TABARI: Text Analysis By Augmented Replacement Instructions

TABARI: Text Analysis By Augmented Replacement Instructions
April 2000

Introduction

TABARI is the successor program to KEDS. The project operates under open source software principles -- the source code is available in the public domain and be documented internally and externally on the assumption that it might be later modified. The target operating system is Linux and the programming language C++. Version 0.2 -- which implements most of the core coding features of KEDS -- is now available for the Linux and Macintosh operating systems. A tentative compiled version is also available for Windows -- this runs in a "DOS console window".

All versions of the program will be backwards-compatible with KEDS dictionaries, though this might require a few changes in the .options file. However, it will eventually incorporate a series of incremental modifications to deal with some of the common problems in the KEDS parsing model. These will eventually include

Better disambiguation of nouns and verbs
Synonym sets
Separation of the parsing and coding functions -- it will be possible to run the coder on parsed input text, including the output of full parsers
Use of XML as the standard for dictionary and options input
Hard-coded routines to handle passive voice and attribution
Proximity limitations in patterns
Production of dictionaries for the IDEA event coding scheme, a successor to WEIS/PANDA

Almost none of these features are incorporated in Version 0.2; expect most of them by mid-summer 2000.

Why?

The KEDS parser-coder has been a successful prototype for an event data coder that has been used in at least five NSF-sponsored projects and produced data used in a number of refereed articles in political science. However, KEDS' design is almost ten years old and suffers several disadvantages: a number of poor decisions were made while constructing the sparse parser (e.g. ALL CAPS, throwing away articles); the parsed representation is inaccessible to the user; it is written in Pascal rather than C/C++; it was written to run in very little memory (with correspondingly brittle data structures) and it runs only on the Macintosh operating system. KEDS does not provide a good foundation for a more complex coder. More succinctly: "Plan to throw one away; you will, anyhow." (Fred Brooks, The Mythical Man-Month, Chapter 11).

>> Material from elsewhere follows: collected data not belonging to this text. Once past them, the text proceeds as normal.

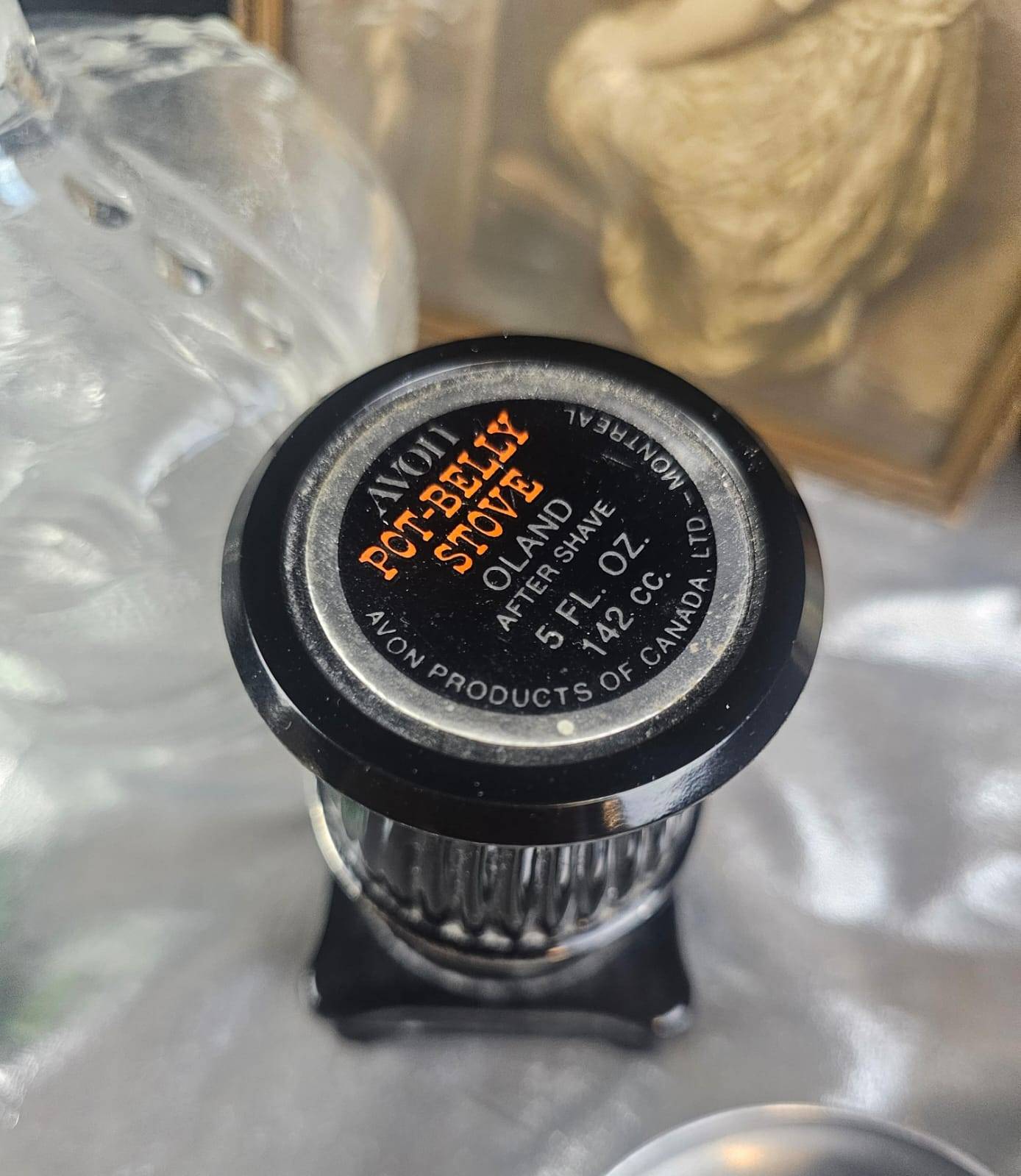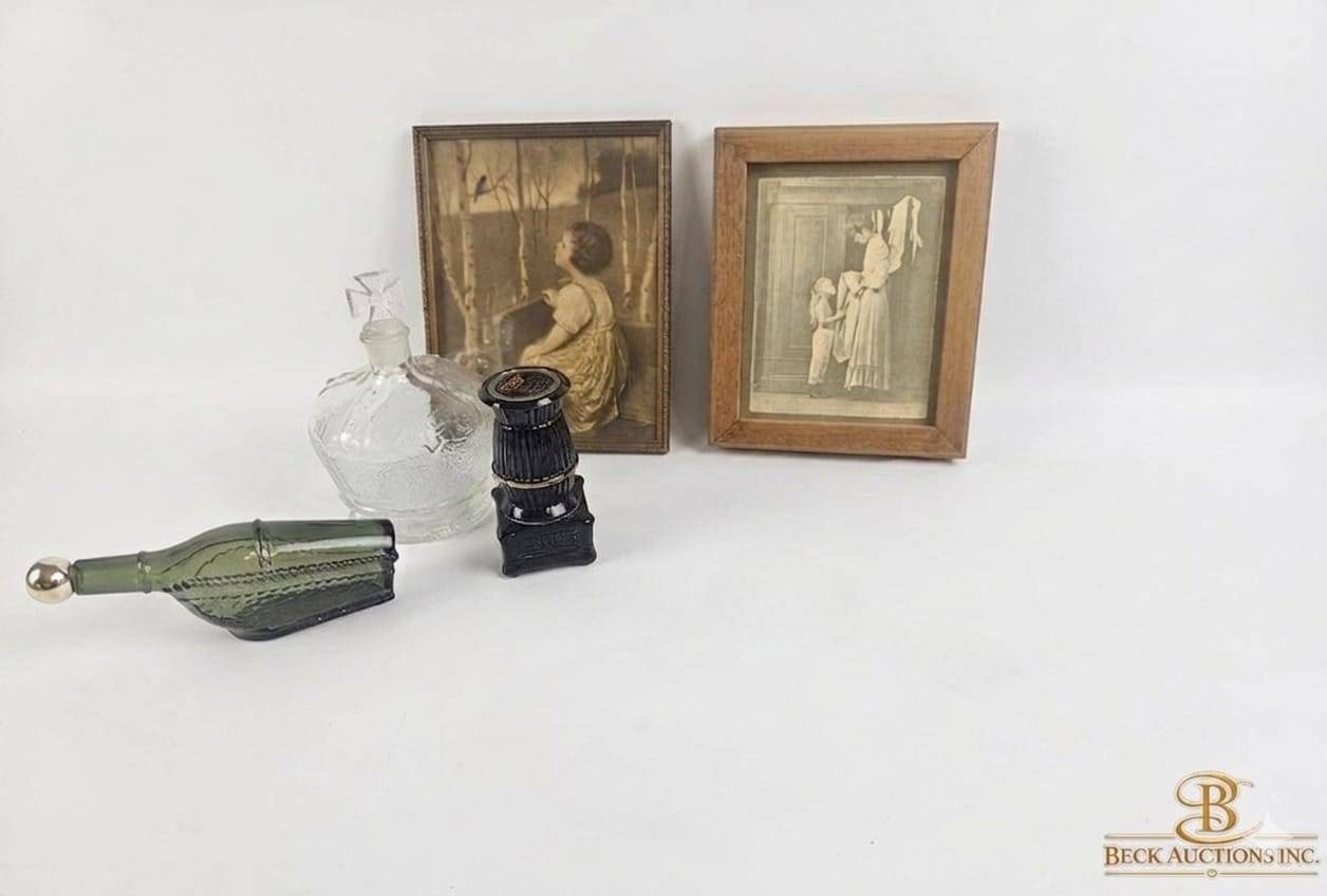 This lot features a charming mix of household items including 8 sleek metal bowls, a unique green glass bottle with a stopper, a crystal decanter adorned with an ornate cross-shaped stopper, and a black "Pot Belly Stove" salt/pepper shaker marked as 5 1/2 ounces. Also included are two nostalgic framed art prints in wooden frames depicting heartwarming scenes. A versatile collection perfect for decor enthusiasts or collectors.
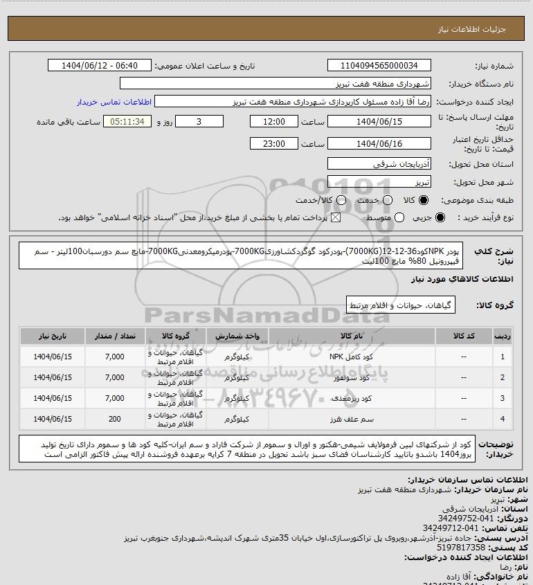 3 -- کود ریزمغذی کیلوگرم گیاهان، حیوانات و اقلام مرتبط 7,000 1404/06/15
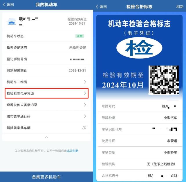 查看步骤是:登录交管12123;点击备案车辆,点击展开更多;点击检验标志电子凭证,就看到电子版的检验合格标志。上面的二维码需要用交管12123扫描才能看到结果。在检查的时候,通过交管12123出示电子标签即可。
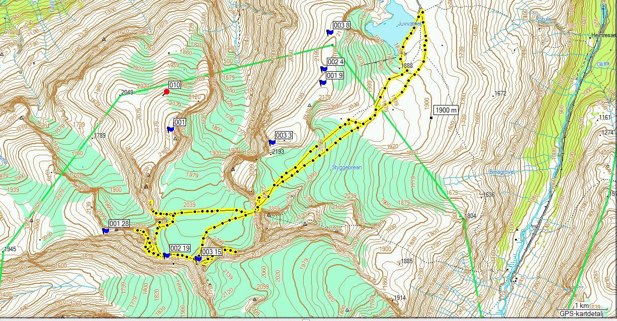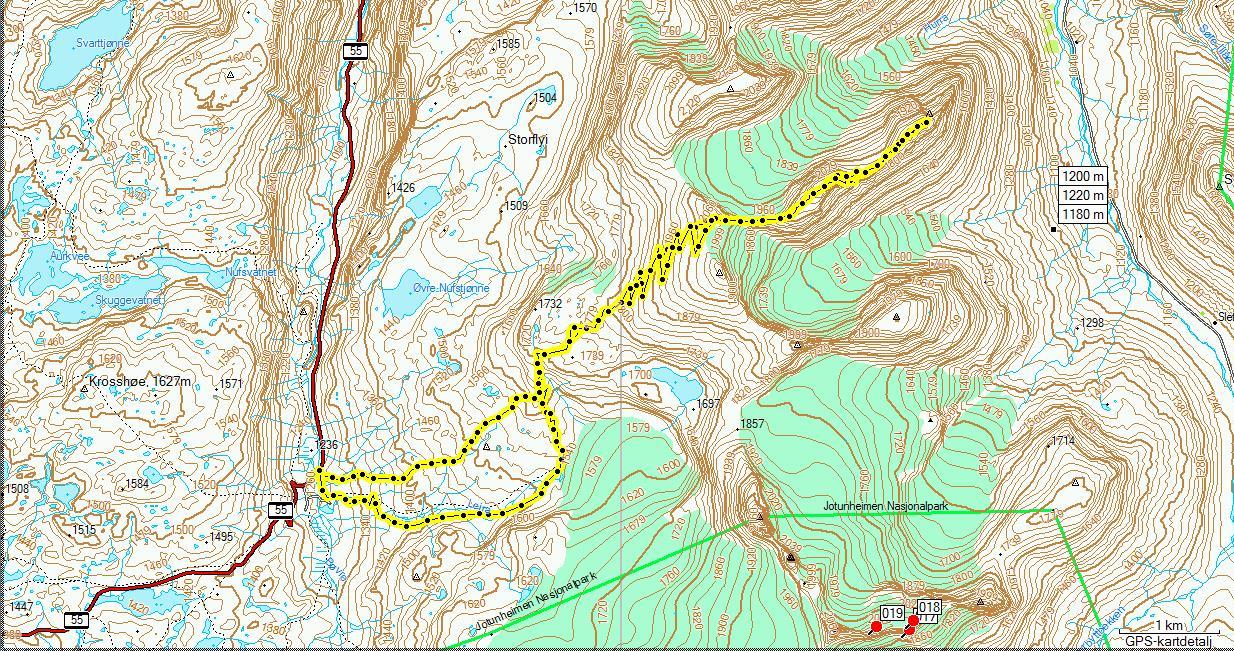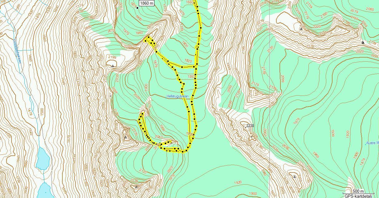 Tar meg en liten frihet til å legge inn GPS' tracken.. Er en liten feil på ruteloggen ned fra Skardstind da vi fulgte i samme sporene ned som på veg opp.
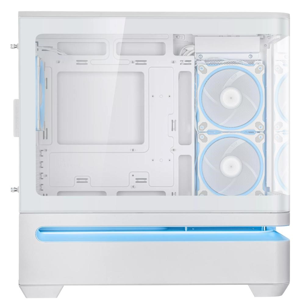 - Zakrivený panel zo tvrdeného skla plynule prechádza z prednej strany na bočnú a ponúka panoramatický výhľad na komponenty z takmer každého uhla.
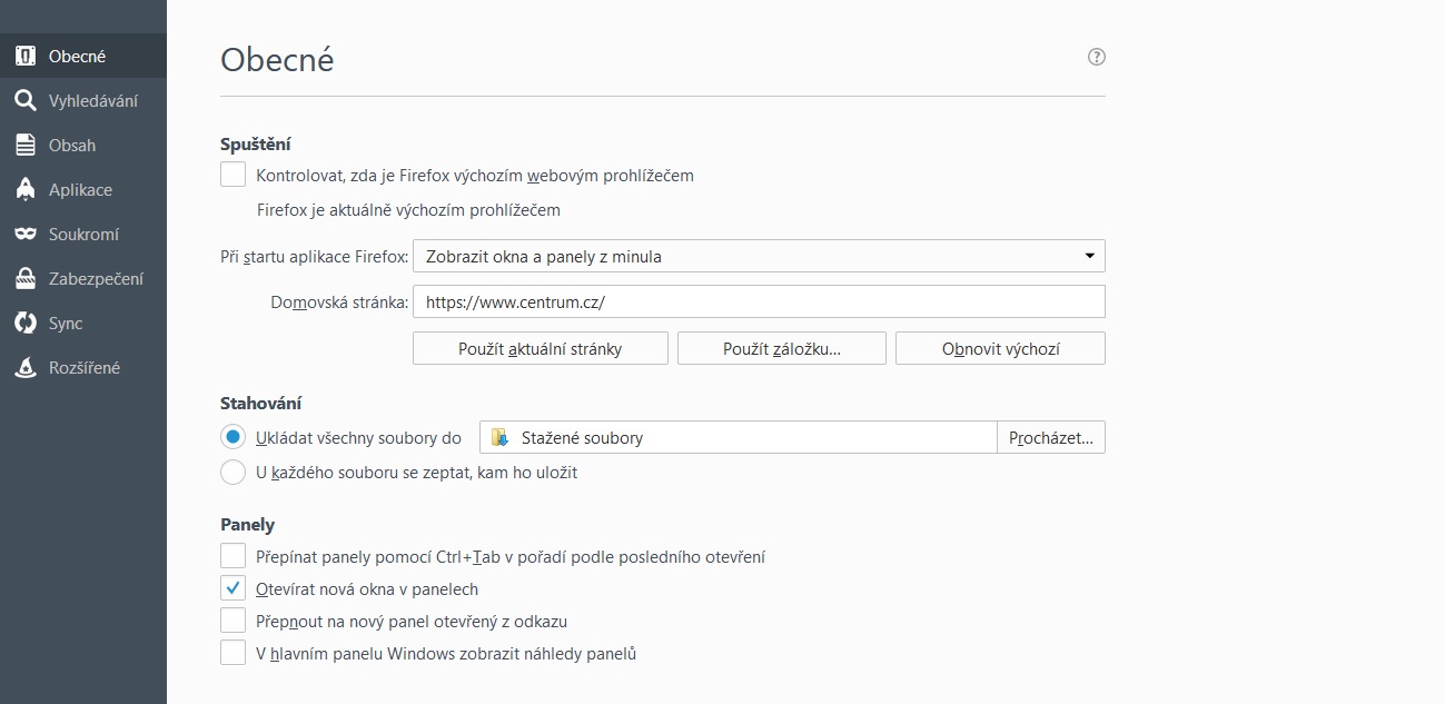 Jirka44: Mám dojem, že nikdo neberete v potaz, že se snažím o změnu ve Firefoxu posledí verze a v OS-W10 nejsem natolik znalý zda to spolu souvisí. Ty rady mě ubezpečují, že se jedná o starší verze Firefoxu či Windowsu. Pokud je možné otevřít nastavení Panelú můžeš i ostatní níže to upřesnit jak mám postupovat, zatím si s tím nevím rady.

The new version of the program is considerably faster than the current one (a key issue for those of you tired of coding only 85 events per second, we're sure!). Due to compiler constraints, KEDS is actually MC680x0 code, which is emulated in a Power PC processor. Simply compiling to native code should substantially increase the speed, and in our experience, C/C++ produces much faster code than the Pascal compiler.

Producing code that will run in Linux also opens the project to a much wider variety of machines. While the Macintosh did survive its near death experience and is once again widely available, Macs are rare in many research environments, and many users would find it useful to have an alternative. In contrast to KEDS, the interface of TABARI is kept distinct from the processing, and the program has been designed from the beginning to support multiple operating systems.

Comments on version 0.2 [April 2000]

This release of the TABARI source code is fully functional for both the Linux and Macintosh operating systems. The MS-Word file TABARI.0.2.changes.doc discusses the various differences between TABARI and KEDS, as well as providing validation information. Dale Thomas has done an initial conversion to Windows and has provided an executable file for this.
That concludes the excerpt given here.